A scripted policy can be just a generator of explicit robot commands. This is the minimal shape we want users to see: build a list of poses and gripper commands, place the next RobotMacroAction under the normal action key, and call env.step.

def gen_small_actions(td: TensorDictBase) -> Iterator[RobotMacroAction]:
    joints = td["robot_qpos"].clone()
    joints[..., 0] = joints[..., 0] + 0.35
    yield RobotMacroAction.reach_joints(joints=joints, gripper="open", steps=18)
    yield RobotMacroAction.close_gripper(steps=18)


small_actions = gen_small_actions(td)
small_action = next(small_actions)
td["action"] = small_action
assert td["action"].mode.shape == torch.Size([1, 1])

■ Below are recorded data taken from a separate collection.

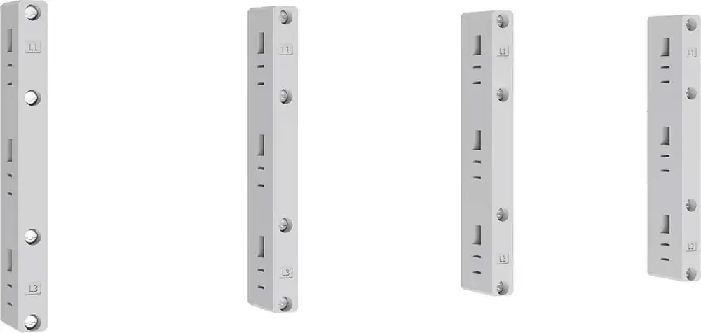 Sammelschienen-Bausätze mit 4 Sammelschienenträgern,1250 mm Breite,Ausführung für tiefe Module mit Sammelschienenträger FST703N (L1-L3),FST601N (N + PE),Höhe 300 mm,Bemessungsstrom (A) 160-630,Kupfergröße L1-3 ohne,Polzahl 3,VPE 1,Sammelschienen-Bausätze,60 mm Schienenabstand,Einbaumaß 32/70 mm und N/PE,Sammelschienen-Bausatz in flacher (MF,und MX,) oder tiefer (MT) Bauform zum Einbau in Modulbausätze und MontageAuf das Traggerüst (NT/ST),Vorbereitet für die Bestückung vonABN NH-Sicherungslasttrennschaltern NH1-3,NH00,NH000 sowie D02-Reitersicherungselemente und,NH00-Sicherungslastschaltleisten und SammelschienenklemmenInkl,Sammelschienenträger und Sammelschienenkonsolen mit oder,ohne vorkonfektionierten Kupferschienen,Einbaumaß 70 mm,Geeignet für NH-Sicherungslasttrennschalter,Gr,000/00/NH1-3 und NH00-Sicherungslastschaltleisten,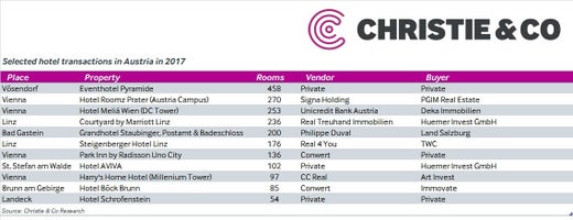 After a quiet first half of the year in which the Austrian hotel transaction volume was just €130 million, the pace picked up in the second half of the year and hotel transactions topped half a billion Euros in 2017. Due to the small number of hotels on the market, demand has shifted towards the purchase of development projects according to specialist hotel property adviser, Christie & Co.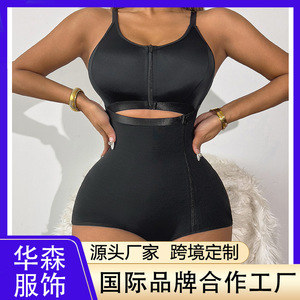 新款跨境temuTK外贸塑身连体衣带胸杯款分体侧拉链设计收腰提臀束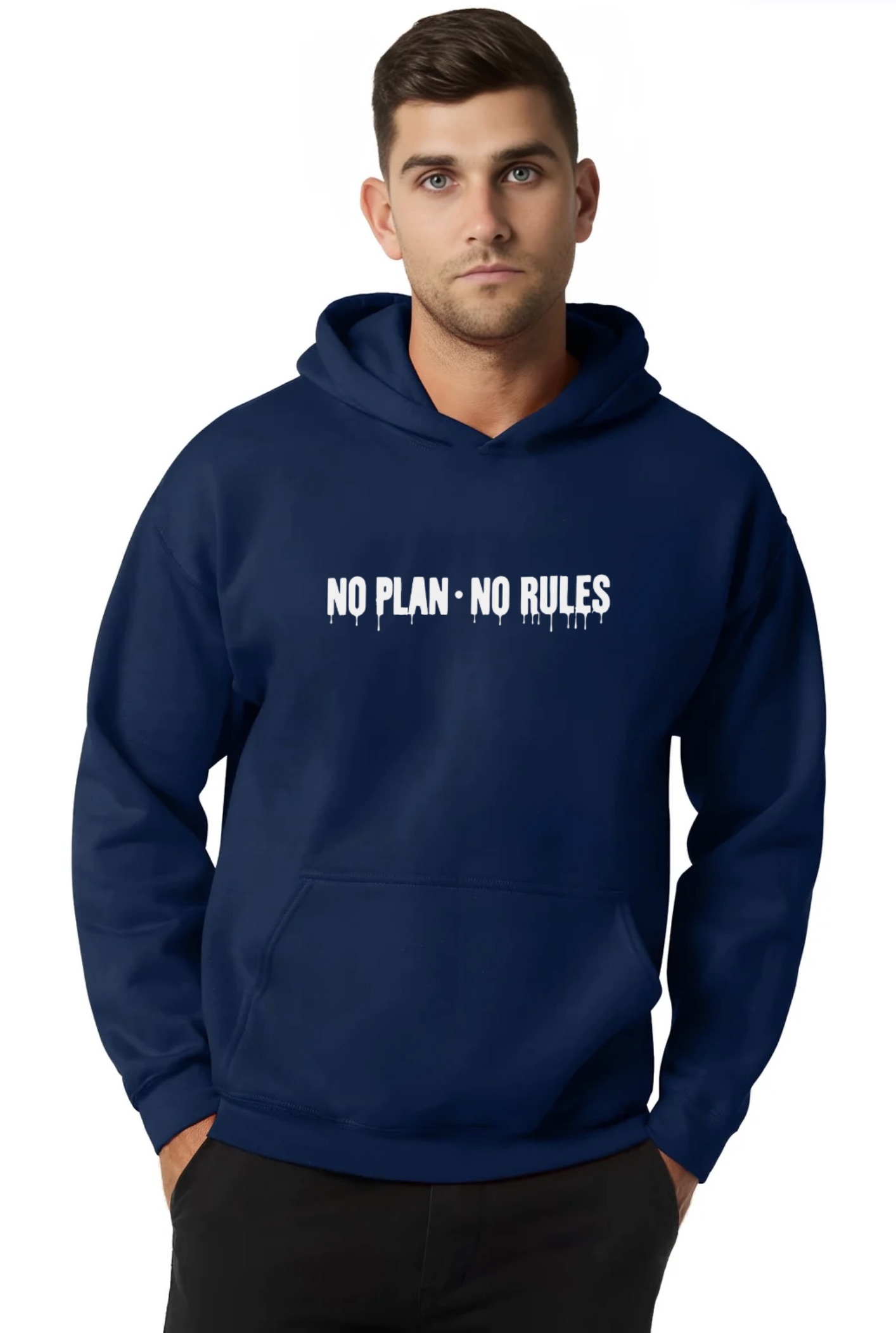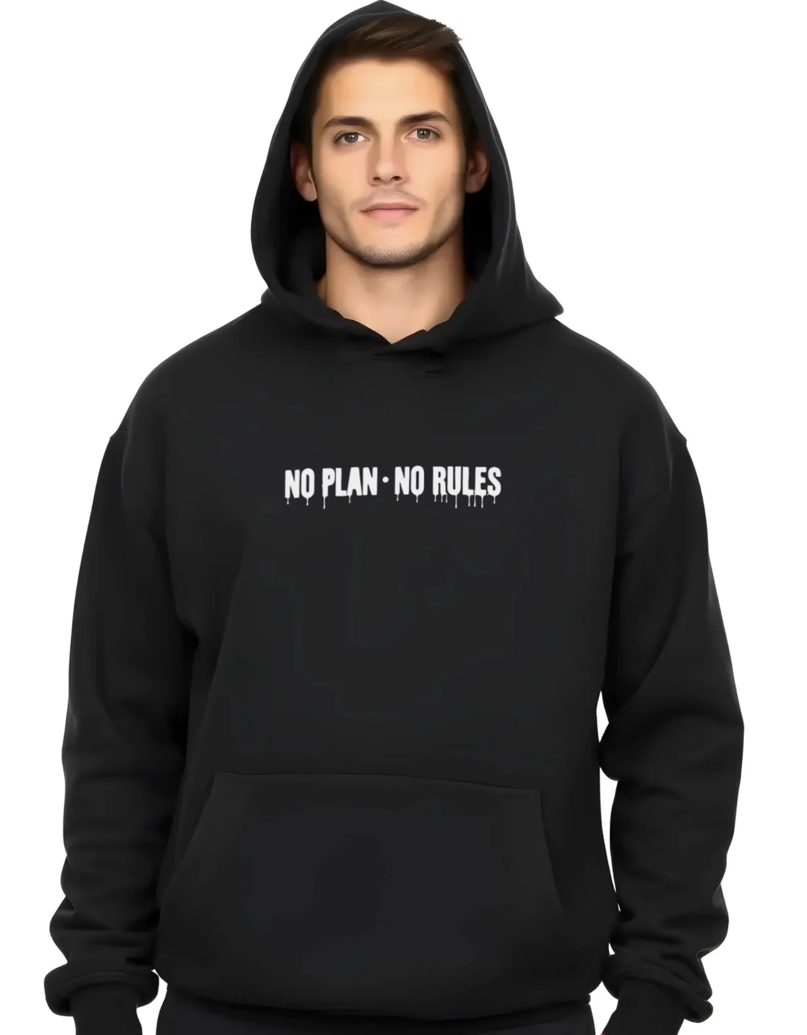 No Plan No Rules – Super Premium Fabric Men’s Cotton Hoodie – Printed, Double Bio-wash T-shirt.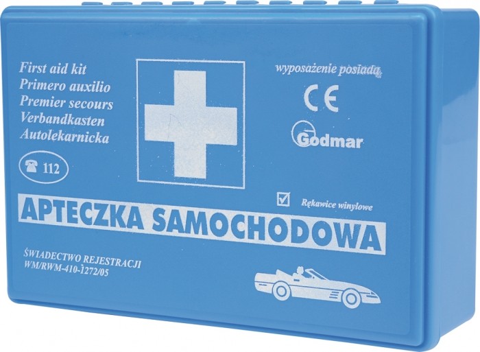 Apteczka samochodowa z wyposażeniem. Wygodne i trwałe opakowanie z tworzywa sztucznego. Zawartość: - opaska dziana 5 cm x 4 mb 1 szt., - kompres jałowy 5 cm x 5 cm 2 szt., - plaster z opatrunkiem 6 cm x 10 cm 1 szt., - chusta trójkątna 96 cm x 96 cm x 136 cm 1 szt., - rękawice winylowe - 1 para, agrafka 1 szt., - kompres jałowy 10 cm x 10 cm 1 szt., - instrukcja p. pomocy 1 szt., - plaster wodoodporny 72 mm x 25 mm 1 szt., - plaster wodoodporny 72 mm x 19 mm 1 szt., - opaska dziana 10 cm x 4 mb 1 szt, - naklejka z wykazem niezbędnych telefonów alarmowych w Europie 1 szt.

A scripted cube-to-bowl macro#

We can now write the cube-to-bowl controller as a readable sequence of manual robot commands. The generator below is deliberately explicit: it names the poses we want the pinch site to reach and interleaves them with gripper commands.

home_qpos = torch.as_tensor(
    env.robot_home_qpos,
    dtype=td["robot_qpos"].dtype,
    device=td["robot_qpos"].device,
).view(1, 6)
policy_state: dict[str, TensorDictBase | torch.Tensor] = {
    "td": td,
    "gripper_quat": td["pinch_quat"].clone(),
}


def pose_at(
    xyz: torch.Tensor, quat: torch.Tensor | None = None
) -> tuple[torch.Tensor, torch.Tensor]:
    if quat is None:
        quat = torch.zeros(xyz.shape[:-1] + (4,), dtype=xyz.dtype, device=xyz.device)
        quat[..., 0] = 1.0
    else:
        quat = quat.to(dtype=xyz.dtype, device=xyz.device).expand(xyz.shape[:-1] + (4,))
    return xyz, quat


def carry_action(alpha: float, bowl: torch.Tensor) -> RobotMacroAction:
    current_td = policy_state["td"]
    gripper_quat = policy_state["gripper_quat"]
    cube = current_td["cube_pos"].clone()
    carry_start_cube = policy_state["carry_start_cube"]
    pinch_to_cube = current_td["pinch_pos"].clone() - cube
    desired_xy = carry_start_cube[..., :2] + alpha * (
        bowl[..., :2] - carry_start_cube[..., :2]
    )
    desired_cube = torch.cat(
        [
            desired_xy,
            torch.full_like(bowl[..., 2:3], 0.24),
        ],
        dim=-1,
    )
    position, quaternion = pose_at(desired_cube + pinch_to_cube, gripper_quat)
    return RobotMacroAction.reach_pose(
        position=position,
        quaternion=quaternion,
        gripper="closed",
        gripper_command=gripper_close_command,
        steps=80,
        settle_steps=20,
    )


def gen_actions(td: TensorDictBase) -> Iterator:
    cube = td["cube_pos"].clone()
    bowl = td["bowl_pos"].clone()
    quat = td["pinch_quat"].clone()
    grasp_offset = cube.new_tensor([[0.0, 0.0, -0.016]])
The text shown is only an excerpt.